Summary
The authors of a recent study identified noncanonical peptides (NCP) presented by cancer cells’ HLA and observed lack of reactivity to these antigens by endogenous tumor-reactive T cells. In vitro sensitization generated NCP-reactive T cells that recognized epitopes shared by a majority of cancers tested, providing opportunities for novel therapies to shared antigens.
In this issue of Clinical Cancer Research, Lozano-Rabella and colleagues (1) identified noncanonical peptides (NCP) presented by the HLA class I molecules of human tumor cell lines and demonstrated that these peptides were immunogenic (1).

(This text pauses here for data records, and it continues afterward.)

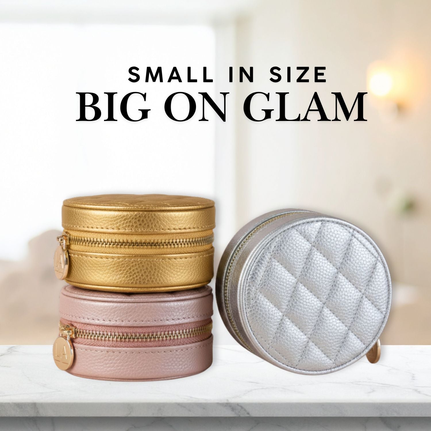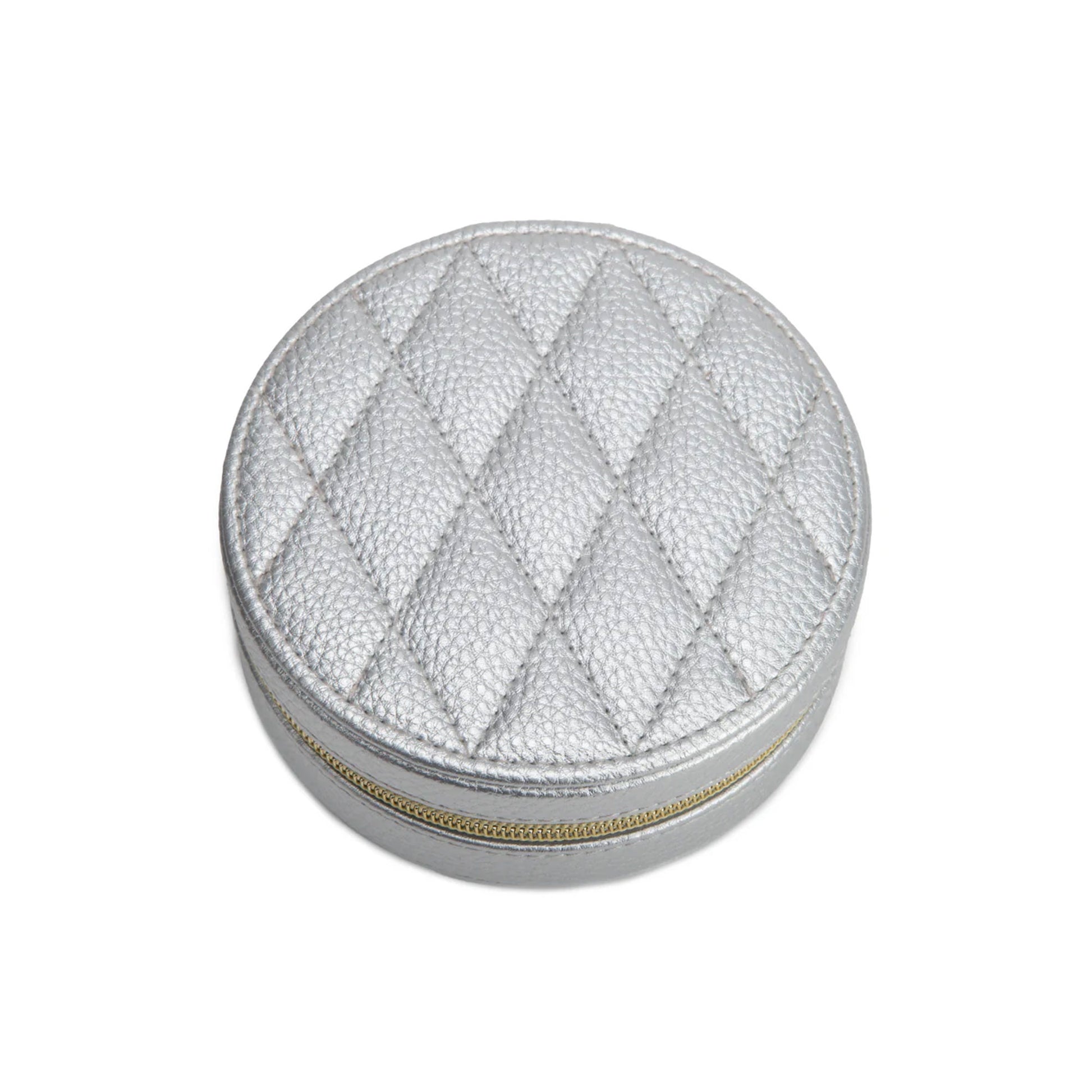 Introducing Leah Quilted Round Travel Jewelry Case, crafted with premium quilted vegan leather, this stylish case is a practical storage solution. Not just for travel, it is perfect for everyday use as well. Keep it on your dresser or vanity for easy access to your go-to pieces or take it with you to the gym or office. Compact and lightweight, it fits effortlessly in your purse or luggage, making it the ideal companion for any occasion.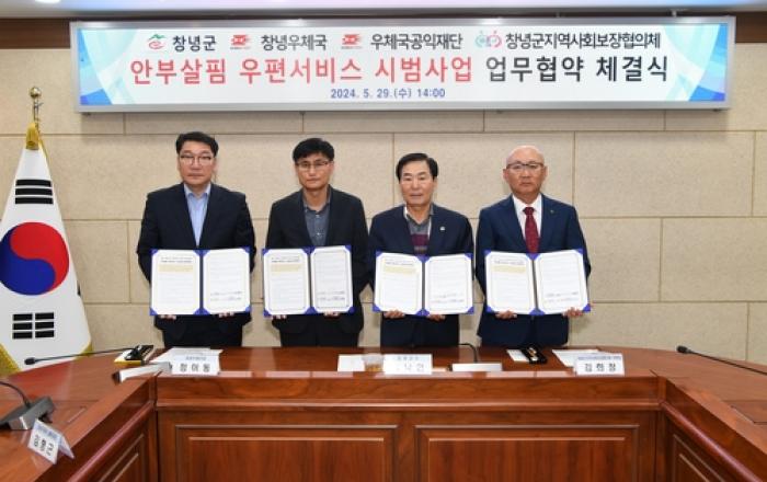창녕군은 지난 29일, 관내 복지 사각지대 발굴과 지원에 협력하기 위해 창녕우체국 및 우체국공익재단, 창녕군지역사회보장협의체와 '안부살핌 우편서비스 사업' 업무협약을 체결했다. 이번 협약은 창녕군이 행정안전부에서 주관한 '2024년 읍면동 스마트 복지안전 서비스 개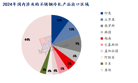国内不锈钢冷轧出口占比较高,2024年该量约284.4万吨,约占国内出口总量的56.7%。

While other publications support these findings of HLA presentation of noncanonical, aberrantly translated peptides derived from upstream open reading frame (uORF), 5′UTRs, ncRNAs, endogenous retroelements (ERE), pseudogenes and out-of-frame transcripts, from tumor cells, there has been little evidence that these rapidly degraded NCPs, or Dark Matter, were targets of the endogenous anticancer immune response (2–5).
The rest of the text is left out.